The feeling among the Russian military is that the Obama Administration was getting the wrong advice about Russia’s willingness to use its military muscle to defend its interests.

The Crimean operation, as word has it, has been accepted in the Pentagon and NATO as a brilliant piece of tactical planning, although, of course, most of the credit should go to the commanders of the naval base at Sevastopol and not the top brass in Moscow.


But what happens next, is the question.

Well, a good move on the part of the West would be to give a firm promise on paper that Ukraine will never become a member of NATO.

This will help to remove a lot of tension in the current stand-off.

Equally downgrading the tension would be the removal of any foreign military presence, including mercenaries, in the eastern part of Ukraine.

A long-term political solution, however, will be harder to achieve.

A good move would be to accept that Crimea will never become part of Ukraine again and negotiate some sort of compensation for Kiev for the loss.

As for Russia, it has been made clear by President Putin and other Russian officials on many occasions that Crimea is a ‘done deal’ and no one is going to discuss the matter further.

On the breakaway regions of Donetsk and Lugansk, Russia will continue to insist on their special autonomy within Ukraine and firm security guarantees from Kiev that they won’t be attacked.

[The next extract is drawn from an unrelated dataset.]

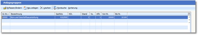 << Hier KLicken um eine Inhaltsübersicht anzuzeigen >> Navigation: Anlagenbuchhaltung > Stammdaten > Anlagegruppen |

Even if President Putin wanted to be flexible and give up his support of these two self-proclaimed republics, domestic opinion in Russia would not allow him to do it.

It’s one thing rallying his people to withstand the hardships of the Western sanctions and the falling rate of the Russian rouble; but it’s another matter altogether to announce that the ‘brothers and sisters in the east of Ukraine’ will have to sort out the mess all by themselves.

That would be, like my government source has already put it so eloquently, playing Russian roulette with the odds stacked firmly against you.


Alexander Nekrassov is a former Kremlin and government advisor. He is the descendent of famous Russian poet Nikolai Nekrassov and writer Leo Tolstoy.